Below are lines of records; copy exactly those from the one containing "由於現代人坐姿生活、長期使用" through the one containing "Superhieno kylpypyyhe, jota", leaving the pictures behind.

Exercise data:
______

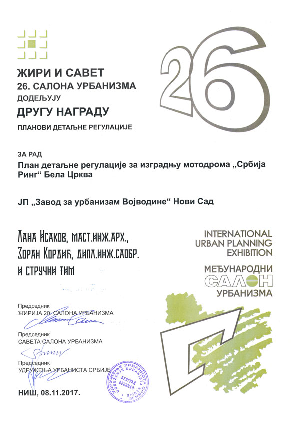 Другу награду у категорији „Планови детаљне регулације“ савет и жири Салона доделио је за рад „План детаљне регулације за изградњу мотодрома „Србија Ринг“ Бела Црква“.
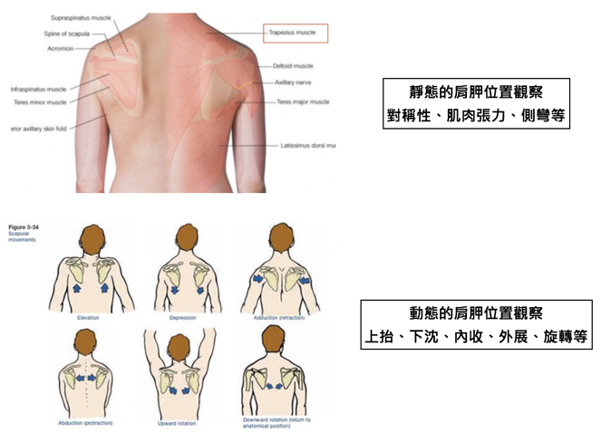 由於現代人坐姿生活、長期使用手機、電腦等,許多人的肩胛位置在靜態觀察上就出現了不平衡或偏移的情況。有時靜態觀察兩側的肩胛位置呈現對稱,但是動態檢查時候就出現不平衡或是活動狀態異常等現象,也應該要被納入調整的名單裡。
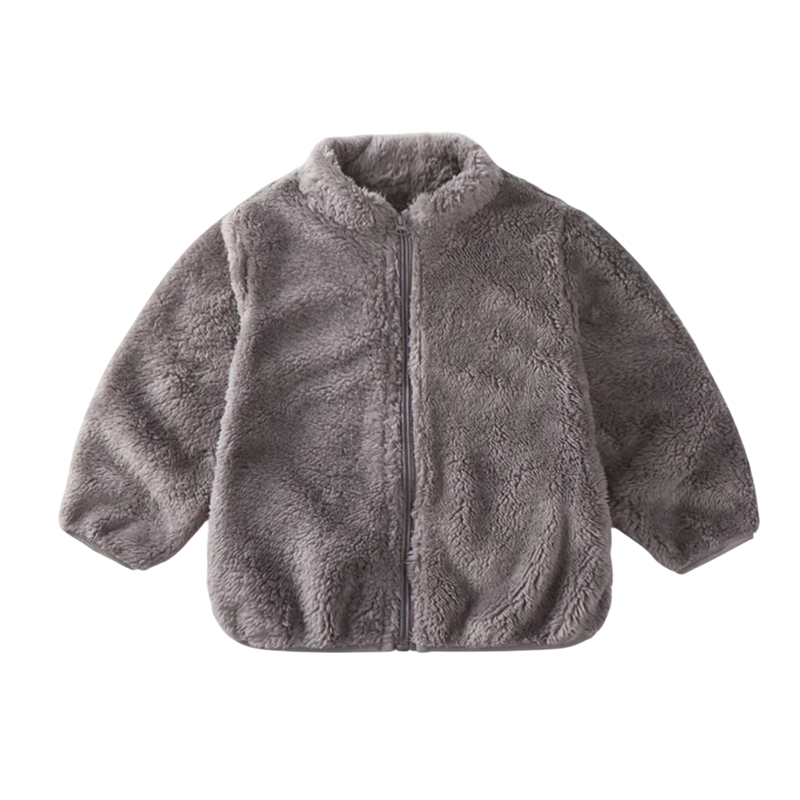 Suave chaqueta de invierno de peluche para niños con cuello alto y cierre de cremallera. El poliéster cálido proporciona calor y comodidad para el uso diario. Descripción completa
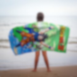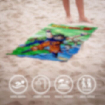 Superhieno kylpypyyhe, jota koristaa Dragon Ballista tutut Goku ja hänen toverinsa. Sopii täydellisesti rannalle tai uima-altaalle. Kylpypyyhe on virallisesti lisensoitu ja valmistettu 100 % puuvillasta.
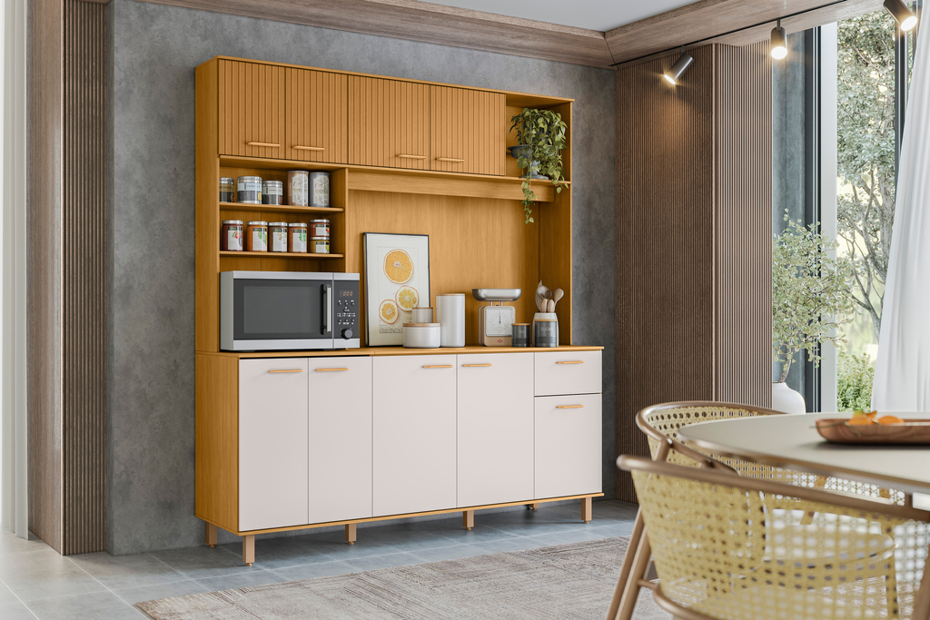 O Armário de Cozinha Núria é a escolha ideal para quem busca praticidade, beleza e qualidade em um só móvel. Com design moderno e funcional, ele oferece amplo espaço para organização, trazendo mais elegância e praticidade para sua cozinha.

______

Exercise solution:
 由於現代人坐姿生活、長期使用手機、電腦等,許多人的肩胛位置在靜態觀察上就出現了不平衡或偏移的情況。有時靜態觀察兩側的肩胛位置呈現對稱,但是動態檢查時候就出現不平衡或是活動狀態異常等現象,也應該要被納入調整的名單裡。
 Suave chaqueta de invierno de peluche para niños con cuello alto y cierre de cremallera. El poliéster cálido proporciona calor y comodidad para el uso diario. Descripción completa
 Superhieno kylpypyyhe, jota koristaa Dragon Ballista tutut Goku ja hänen toverinsa. Sopii täydellisesti rannalle tai uima-altaalle. Kylpypyyhe on virallisesti lisensoitu ja valmistettu 100 % puuvillasta.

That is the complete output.